In die Sidi Larbi Cherkaoui, das kann er ja so gut, einen weiteren Keil hineingetrieben hat. Er sprengt das scheinbar Harmonische mit der Waffe des Exotismus. Er stellt nämlich ein noch ferneres, damals ähnlich restriktiv dem Konservatismus verhaftetet Volk dem kakanischen Walzerwahn als Kontrast gegenüber: die Japaner; auch sie ein Kaiserreich, wo Musik und Tanz auch als Waffen der Abgrenzung wirkten.

Deshalb ist schon ganz zu Anfang, in der Männergruppe ein neugierig bestaunter Samuraisäbel zu sehen, später spielt damit ein Bärtiger seinen Selbstmord durch: Der Mantel der Zivilisation ist sehr dünn, das Büffet wartet auf die Raubtiere. Es kommen aber nur, mit Trommel, wimmerndem Streichinstrument und Stimme, drei japanisch-statisch-stoische Musiker – Tsubasha Hori, Shogo Yoshii und Kazutomi „Tsuki“ Kozukil. Sie sind eigentlich nur still, schwarz, fremd, andres. So wie sie ihre Musik konsequent zwischen die Quadrillen, Traumbild-Fantasien und Polkas aus der Strauss-Tanzfabrik interpolieren, das Gefällige zum Stocken bringen. Aber sie verstören doch nachhaltig die 21 Tanzenden, die auch in Martial Arts und Tangos unterrichtet wurden, während es nie zu einem echten Walzer linksherum langt.

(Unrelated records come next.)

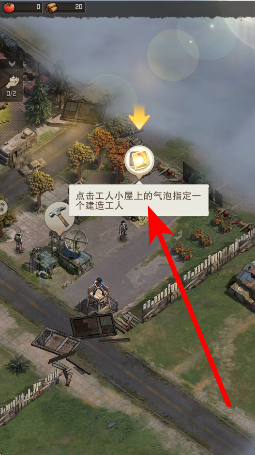 3、接着指定建造工人,找到工人小屋,点击小屋上的气泡,从中指定一个建造工人,让其参与到后续的建造工作中,推进建设进程。
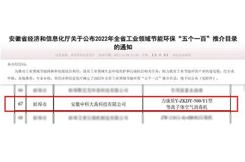 入選2023年全省工業(yè)領(lǐng)域節(jié)能環(huán)保“五個一百”推介目錄(節(jié)能環(huán)保新產(chǎn)品新裝備:G-ZKDY-2500-Y1型等離子體空氣消毒機)
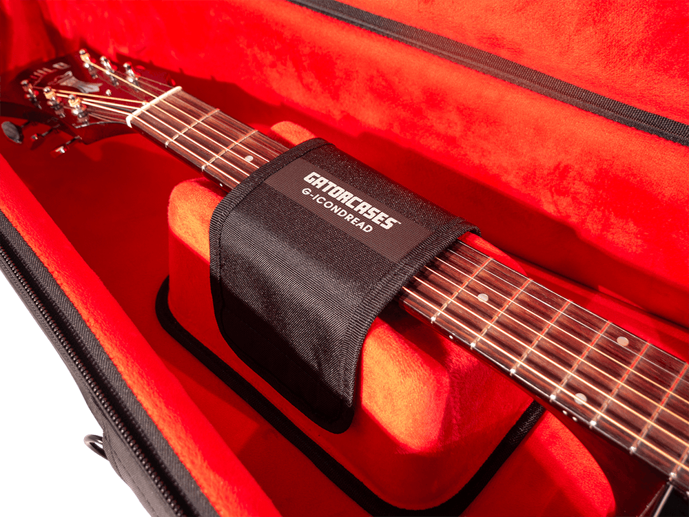 La Gator G-ICONDREAD pertenece a la serie ICON, la gama de fundas premium de Gator. Su exterior de nylon 1000D negro ofrece una gran resistencia a la abrasión, al desgarro y a las condiciones meteorológicas adversas. El interior está completamente revestido en microterciopelo rojo, con acolchado semirrígido multicapa que mantiene la estructura aun cuando la funda está vacía. El sistema de bloques de apoyo interiores (para cuerpo y mástil) permite ajustar el soporte al instrumento, mientras que los topes de goma y las asas acolchadas reforzadas aseguran una larga vida útil incluso con trato intenso.
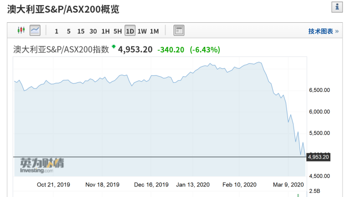 而经历昨日大涨的澳洲股市今日却率先走跌,澳大利亚S&P/ASX200指数午后跌幅扩大至超7%,已经抹去昨日全部涨幅。
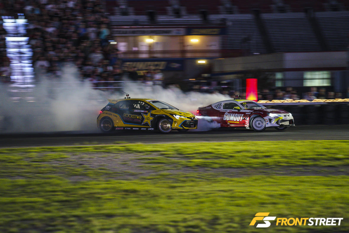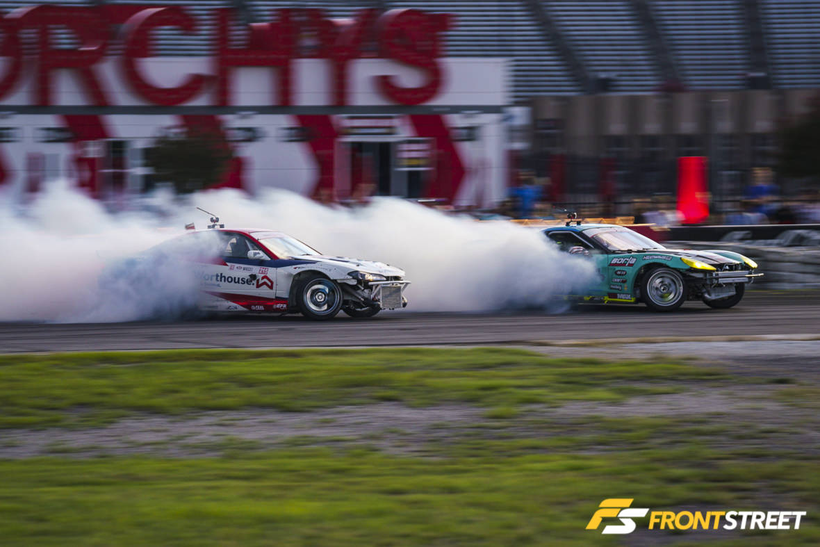 Quite possibly the best matchup of the day was the Final Four Battle between Chelsea DeNofa and Piotr Wiecek. It came down to Wiecek’s unimaginable chase run where he was able to keep his S15 on the door of the Mustang, despite DeNofa throwing billowing clouds of tire smoke his way.

Protokoll und Begierde: Das ist so raffiniert, wie spannend anzusehen. Bisweilen ist es zudem bewusst enervierend hinausgezögert. Denn das Ritual vereint, tröstet, feiert. Und auch diesmal wieder erweist sich der Tanz als Pompe Funèbre und Vorstufe zum Tod, aus dem sich immer mehr der düster schwarze Dylan Phillips herausschält. Man stirbt, man bringt sich um, irgendwie läuft die Mechanik aber noch weiter, ausgerechnet zum „Accelerationen“-Walzer. Masken erscheinen, eine geisterhafte Samurai-Figur mit vielen, fast schwingenhaft stilisierten Schwertern auf dem Rücken. Auch vorher schufen schon ein weiß- und zwei schwarzgekleidete Herren, sowie ein Paar in Japantracht in der uniformen Männerriege Unruhe. Memento moris sie alle?

Als Konsequenz dieses sinn- wie rauschhaften Todesduo aus „Bolero“ und „Bal Impérial“ hätte jetzt durchaus noch Ravels Tondichtung „La Valse“ den chorografischen Gedankengang Sidi Larvi Cherkaouis zum Trio weiten können: Denn darin fährt, wiederum in nur wenigen Minuten, die sich überlebt habende Vorkriegsgesellschaft 1918, nach dem frivolen Tanz auf dem Vulkan, endgültig in den Orkus. Wird es 2025 anders? Dieses Johann-Strauss-Jubiläumspralinée ist jedenfalls ziemlich vergiftet.